Инга и впрямь чувствовала – молчит она сейчас совершенно по-дурацки. Следовало, ой следовало ей подхватить эту ниточку порванных отношений, связать ее ловко-проворно в узелок, а там и посмотреть, что из всего это получится! Тем более что она столько об этом думала, столько мечтала. Все годы разлуки только и грелась мечтами этими. Слово-то какое красиво-безысходное – разлука… И романтическое очень. Была разлука, а теперь, стало быть, счастливая встреча происходит. И полный хеппи-энд прямо на глазах разворачивается. Радуйся, дурочка. Радуйся, однолюбка. Мечты сбываются. Только мешало ей что-то сейчас радоваться, будто сковало всю легким параличом напряжения. Веяло от Севки напряжением этим неприятным. Чужим, незнакомым, из нынешней его жизни пришедшим. И еще – глаза. Мешали ей его глаза, и все тут! То ли лишку в них было, то ли наоборот – недоставало чего…

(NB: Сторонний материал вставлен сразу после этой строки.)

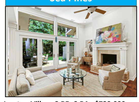
Lawton Villas - 2 BR, 2 BA $739,000
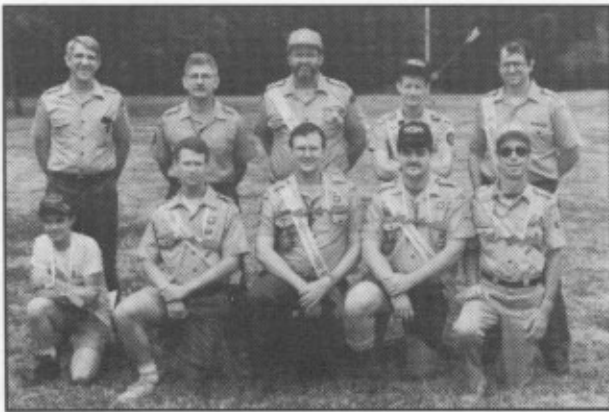
1993 Vigil Class and Sponsors
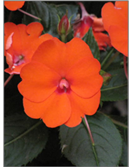
SunPatiens Compact Electric Orange New Guinea Impatiens flowers

This plant will require occasional maintenance and upkeep, and should not require much pruning, except when necessary, such as to remove dieback. It is a good choice for attracting bees and butterflies to your yard. It has no significant negative characteristics.
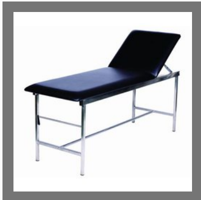
Clinic Examination Table
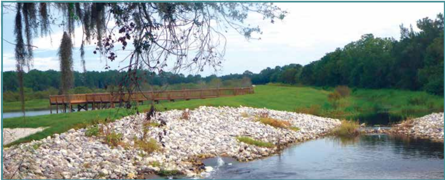
Lake Gwyn, Polk County

As of 2017, the District is initiating an evaluation of the Ridge Lakes to prioritize lakes for further evaluation to determine the projects and programs necessary to ensure that the Ridge Lakes meet the water quality objectives of the District. Success indicators will be measured by water quality improvements including reductions in non-point source loading of nutrients, decreases in nonnative or undesirable species and increases in native aquatic and upland vegetation. In addition, lakes with sufficient water quality data will be evaluated against the DEP's numeric nutrient criteria.
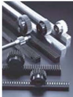
CP Racks & Pinions
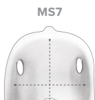
10"W x 12"D
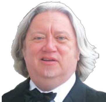
By Thomas J. O'Gorman

As long as I can remember, following a walloping of heavy snowfall, the mayors of Chicago with any brains have Streets and Sanitation carting away the fluffy white stuff. The original Mayor Daley could catch the flakes before they hit the streetscape.
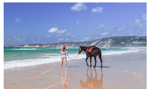
Ride Horses on the beach at Rainbow Beach
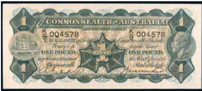
4334* One pound , Riddle/Heathershaw (1927) K/9 004578 (R.26). Crisp original body, extremely fine or better. $1,000
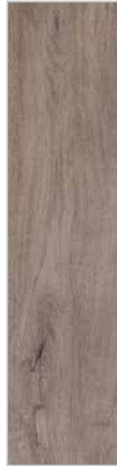
Frost Oak JPT4403LL

– Опять молчишь, Ёжик? – ласково дотронулся он до ее щеки. – Скажи хоть что-нибудь, не молчи…

– Я не знаю, что сказать, Сев… – дернула испуганно и некрасиво головой Инга, отстраняясь от протянутой к ней руки.

– Да я понимаю, Ёж… Я все понимаю, ты не думай. Это в тебе обида сейчас говорит. Та, детская еще. Наверное, я и впрямь тогда поступил по-свински… Но я всегда тебя любил, ты поверь мне! Просто я тогда на твоего отца обиделся очень. И помнил всегда эту обиду. Заглушила она любовь, вытеснила на время. Но не убила же! Просто память на обиду, она бывает иногда более сильной, чем память на любовь. И побеждает в какой-то момент. Но все равно – ты всегда стояла за этой памятью. Как в театре – за тяжелым занавесом.

– А теперь, стало быть, занавес открылся? Пора настоящий спектакль играть? Занавес открылся – вот она я, да? Здрасте, Всеволод Вольский! Это я, Ёжик-Инга, ваша давняя любовь!

– Ну зачем ты так, Ёжик… Ты поверь – я сейчас искренен, открыт и честен перед тобой, как в день своего рождения. Я за эту ночь всю жизнь свою прежнюю пересмотрел, может быть…

– И что ты там увидел?

– А то. Самую главную ошибку свою увидел. Может, даже смысл жизни как таковой для себя осознал…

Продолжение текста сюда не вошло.